Paar X zieht aus und möchte wissen ob es die alte Wohnung streichen muss oder nicht (evt. Ungültigkeit der Klausel im Mietvertrag).
Hier die Fakten:
Dauer des Mietverhältnisses: 28.4.2006 bis 31.10.2009 (3,5 Jahre)
bei Einzug war alles frisch gestrichen, ob vom Vermieter oder
Vormieter ist nicht bekannt
Vereinbarungen zu Schönheitsreparaturen laut Mietvertrag:
„…im Allgemeinen erforderlich in folgenden Zeitabständen: Küche,
Bad, Dusche alle 3 Jahre, Rest alle 5 Jahre. Die Fristen beginnen mit
Mietbeginn bzw. ab dem Zeitpunkt der letzten vom Mieter durchgef.
Schönheitsreparatur.

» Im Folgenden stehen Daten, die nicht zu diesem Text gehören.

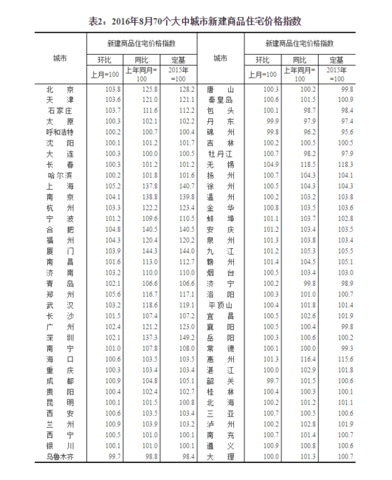 (二)與上年同月相比,70個(gè)大中城市中,價(jià)格下降的城市有16個(gè),上漲的城市有53個(gè),持平的城市有1個(gè)。8月份,同比價(jià)格變動(dòng)中,最高漲幅為46.9%,最低為下降4.4%。
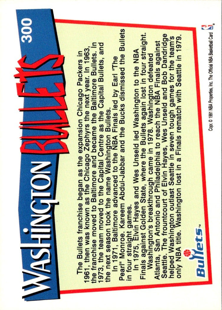 This 1991 Hoops Washington Bullets #300 card is a must-have for any basketball fan or collector. Featuring the Washington Bullets in all their glory, this card will make a great addition to any collection. The card is printed on glossy stock paper for a high-quality finish and features a full-colour photo of the team. It is a great way to show your love for the Washington Bullets and commemorate the team's 1991 season.
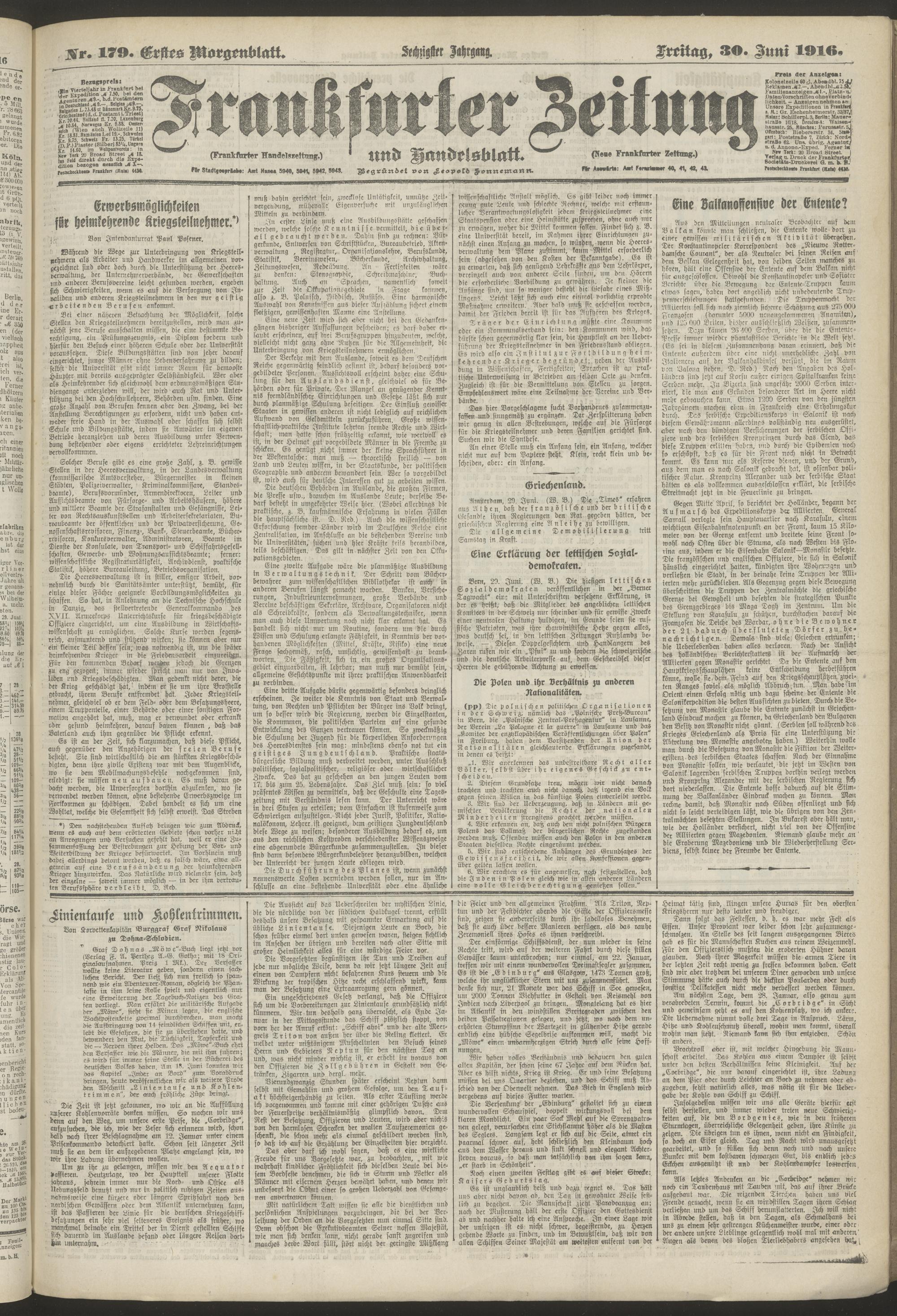 30.06.1916 = Nr. 179. Erstes Morgenblatt
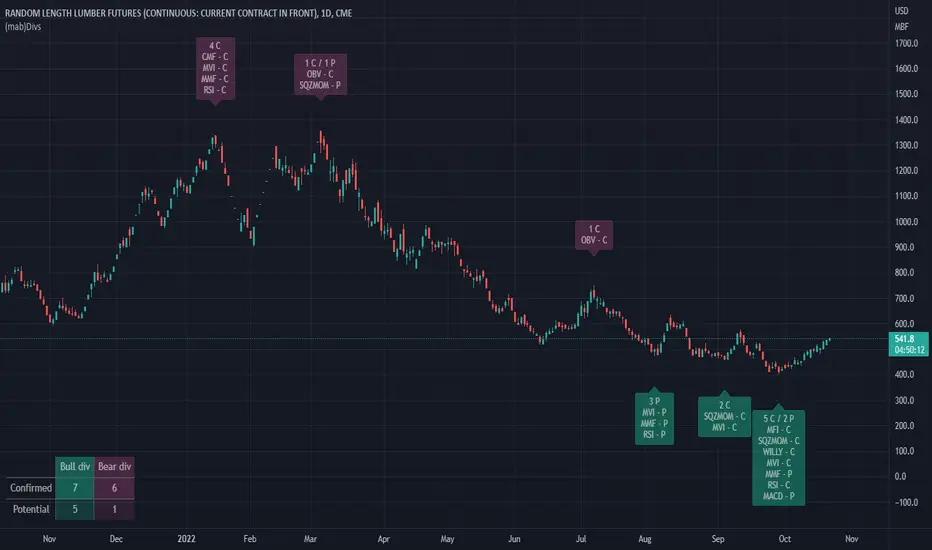In contrast to other scripts which can detect divergences, this indicator re-evaluates the status of each divergence at every confirmed candle. Divergences are potential when they are first detected. They can later be confirmed if the indicator value crosses the confirmation level. They can be invalidated before or after confirmation if the indicator value crosses the invalidation level.
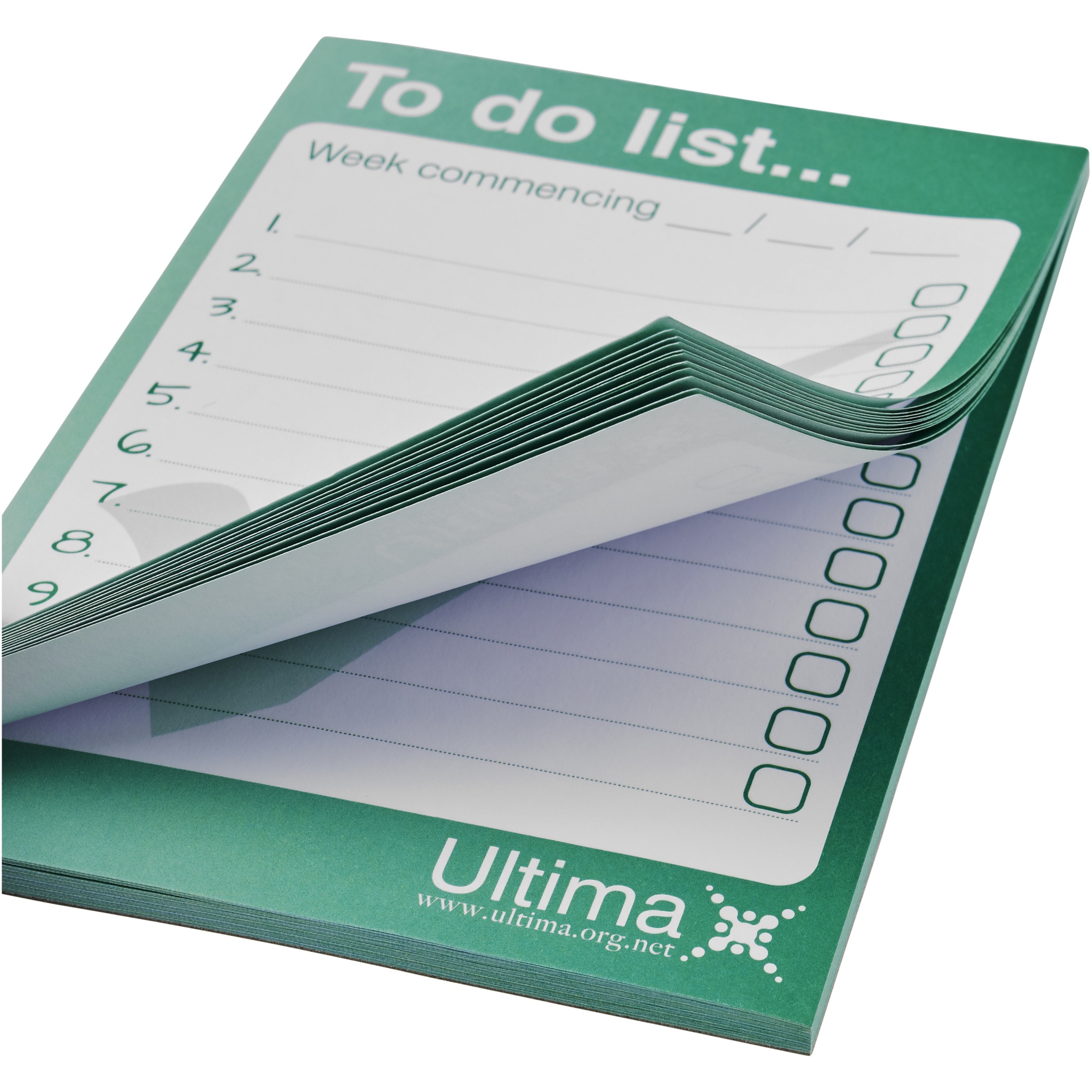 Vit A6 Desk-Mate® anteckningsblock. Standardmodell Innehåller 50 ark 80 g / m2 papper. Fullfärgstryck tillgängligt för varje ark. Tre storlekar tillgängliga: 25/50/100 ark.
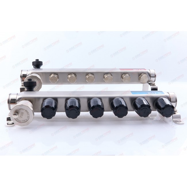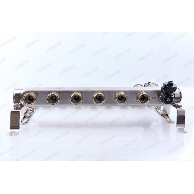 Коллекторная группа KBS5006 на 6 выхода 1" с автоматическими воздухоотводчиками, сливными кранами. Сделана из нержавеющей стали. Служит для распределения потоков по контурам теплого пола, радиаторного отопления, прочих климатических систем.
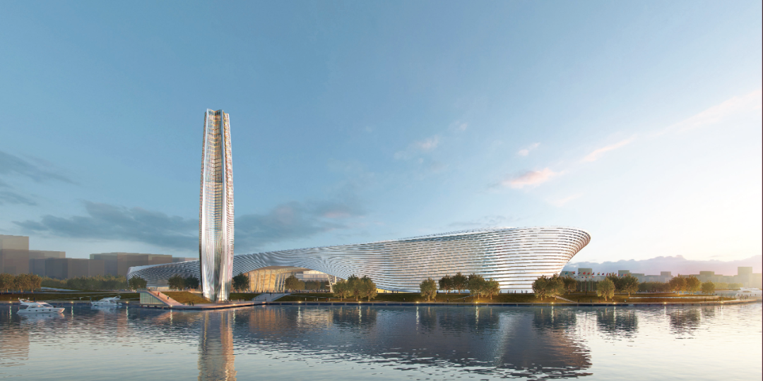 郑州国际文化交流中心项目位于郑东新区龙湖内环北路与龙源西二街交叉口,南靠北龙湖,北邻中原科技城核心区域,总建筑面积约31万平方米,仅地上建筑面积就有约16万平方米,总投资额为50亿元。
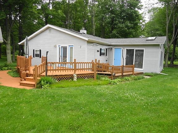 Spacious 2 bedroom, 2 bath home with large, eat-in kitchen that has skylight and breakfast bar facing huge living room that has a wood burner and a bay window overlooking large front yard. 2 more skylights in the back bedroom gives great light and a slider to the back deck looking out at giant, partially fenced back yard. There's about 500 sq. ft. of decking to enjoy the outdoors, and nearly 9/10 acre that gives you a country feel and privacy. There's an oversized 2 car garage with workshop and a storage shed. All this at the edge of town and close to amenities and shopping.
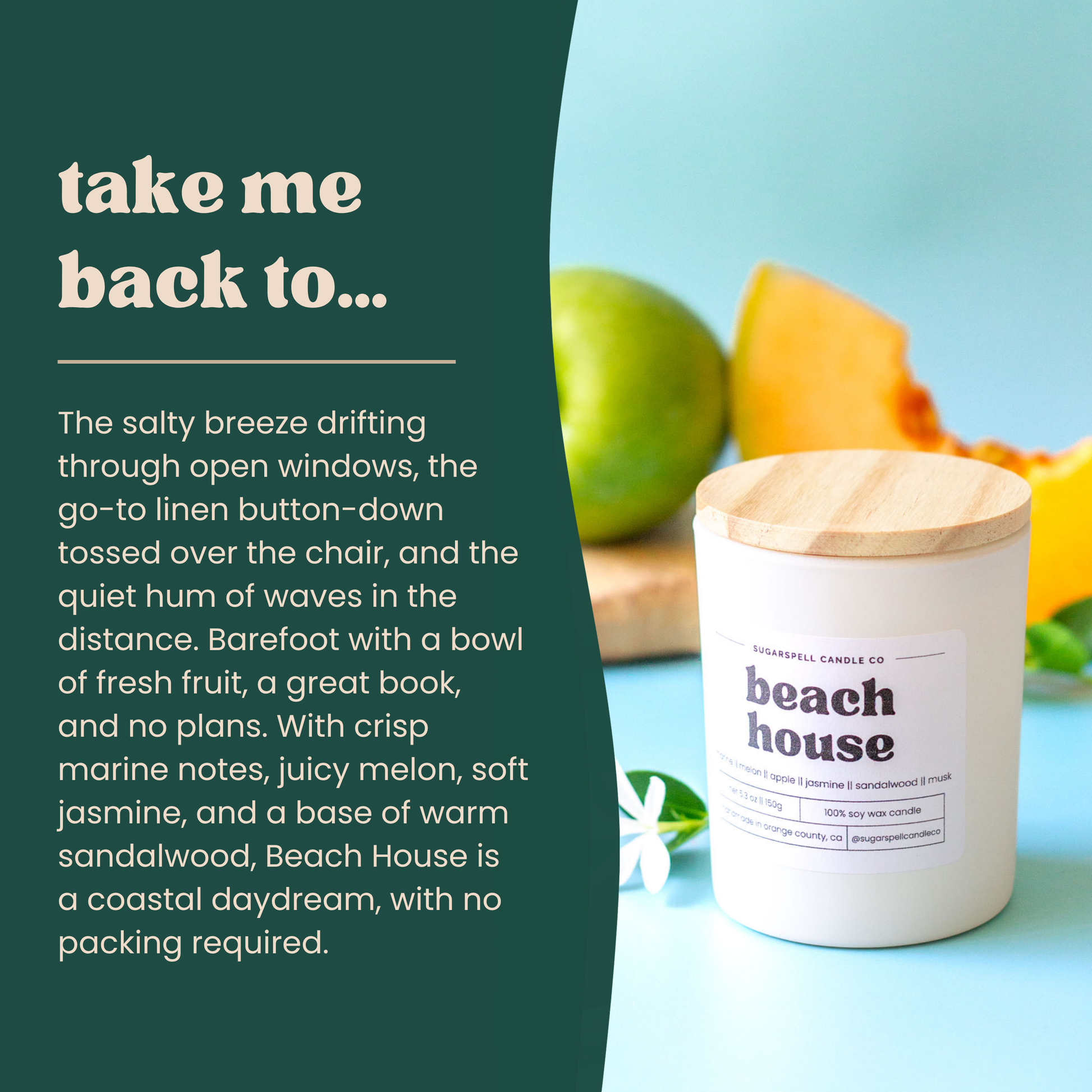 - Beach House: Marine, Apple, Melon, Jasmine, Lily of the Valley, Sandalwood, Musk
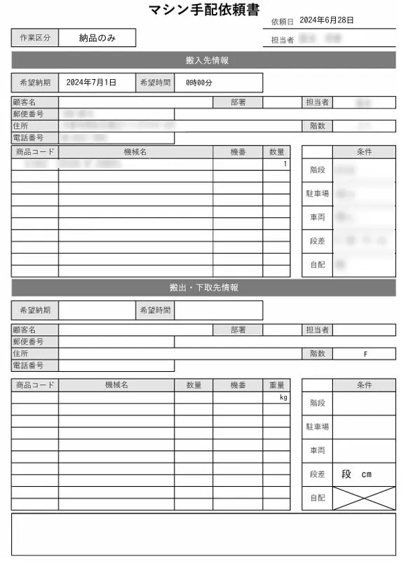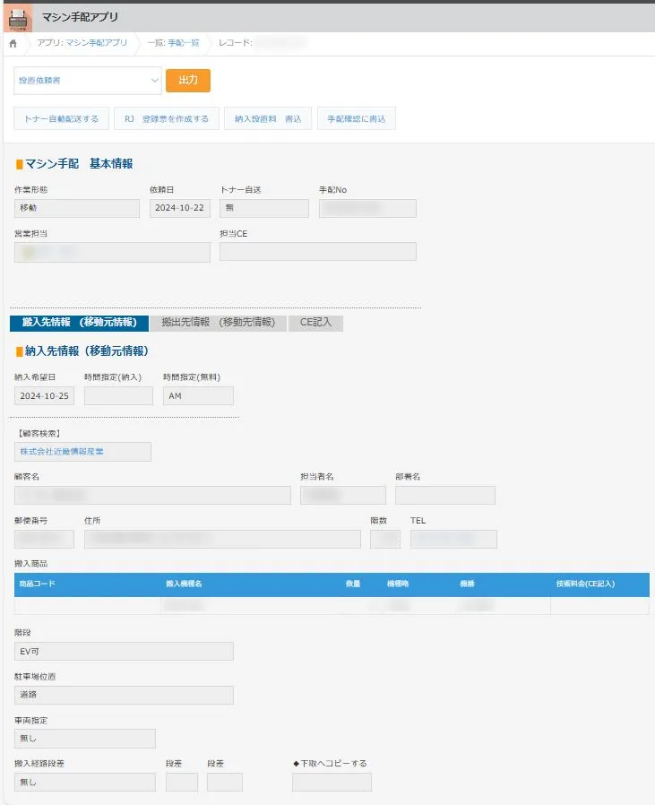 大型機器を納入する場合もあるため、納入先のエレベーターの有無や駐車場に関する情報も記載できるようになっている
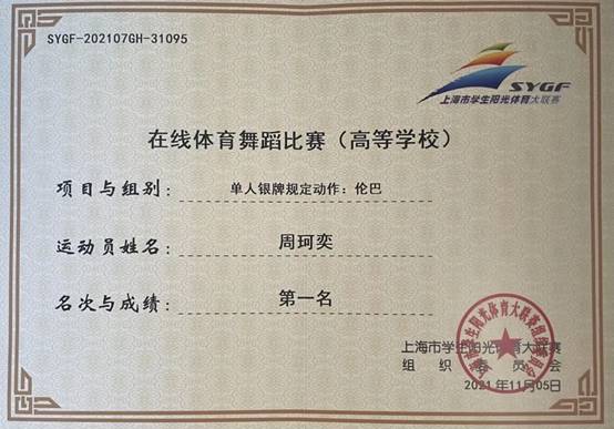 近日,上海市员工阳光体育大联赛在线体育舞蹈比赛在东华大学延安路校区体育馆举行。公司社团指导教师赵桐带领员工参加了本次比赛,英国365集团公司官网旅游管理(邮轮经济)2020级周珂奕同学在比赛中荣获单人伦巴规定动作组冠军,创造了程园学子在体育舞蹈赛事中的最佳成绩,是公司美育、体育教育成效的生动呈现。
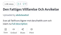 ”Tolerans har förstört världen och religionen… Satan är ute efter detta… De otrogna… förtalar muslimer och ljuger om dem. Det går inte att vara tolerant mot dem…” /Darulhadith.com
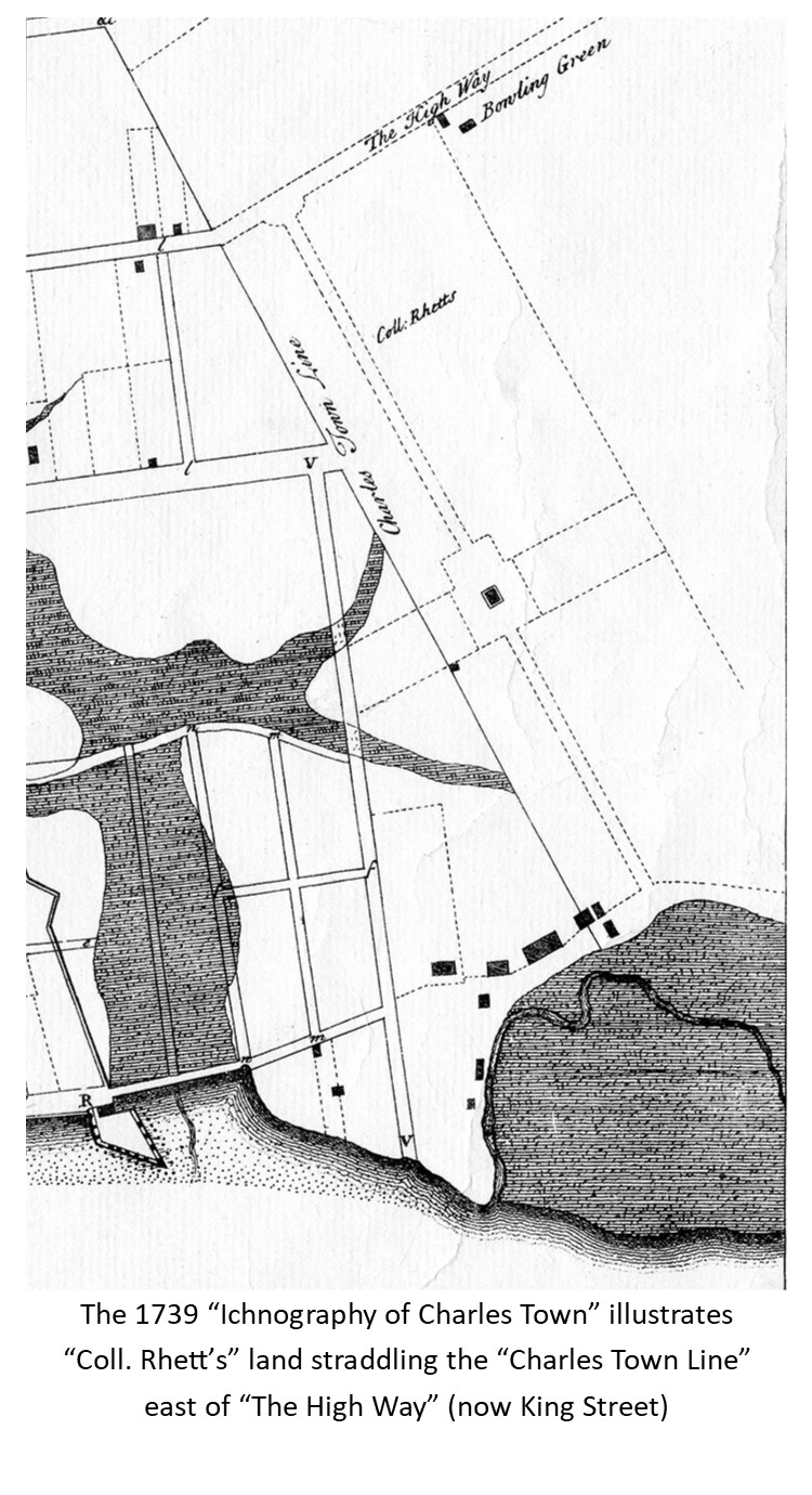 William and Sarah Rhett called this suburban plantation Rhettsbury, or Rhett’s Point. They held the land as a “joint tenancy,” so the passing of Colonel Rhett in early 1723 left his widow in full possession of the property. In the spring of 1728, Sarah Rhett married retired Chief Justice Nicholas Trott (1663–1740), and for some time after that date you’ll find references to the property as “Trott’s Point.” Prior to their marriage, however, Sarah Rhett and Nicholas Trott settled a pre-nuptial agreement that allowed Sarah to maintain full control over “Rhetts berry” (as she called it her in 1745 will). While still residing at her ca. 1712 mansion, Sarah Rhett Trott elected to devise that property to the future children of her youngest daughter, Mary Rhett (1714–1744).[4]

Die Fristen sind nicht zwingend, sie gelten
nicht, wenn und soweit aufgrund des Zustandes der jew. Räume die
Durchführung von Schönheitsr. nicht erforderlich ist.“
keine Nachweise der Fristeinhaltung gefordert
im Vertrag nichts gefunden bezgl. Quotenklausel
Schönheitsr. wurden bis jetzt vom Mieter keine durchgeführt, war
nicht notwendig
keine kaputten Tapeten, keine farbigen Wände
Zusatzvereinbarungen (handschriftlich unter „weitere Vereinbarungen“:
„Bei Auszug wird die Wohnung wieder frisch und weiss gestrichen
übergeben.“
Was meinen die Experten zu diesem Thema?
Vielen Dank für alle Meinungen.
Hallo,
also zuerst: INAL, aber warum sollte denn die Klausel ungültig sein? Klarer geht es doch kaum.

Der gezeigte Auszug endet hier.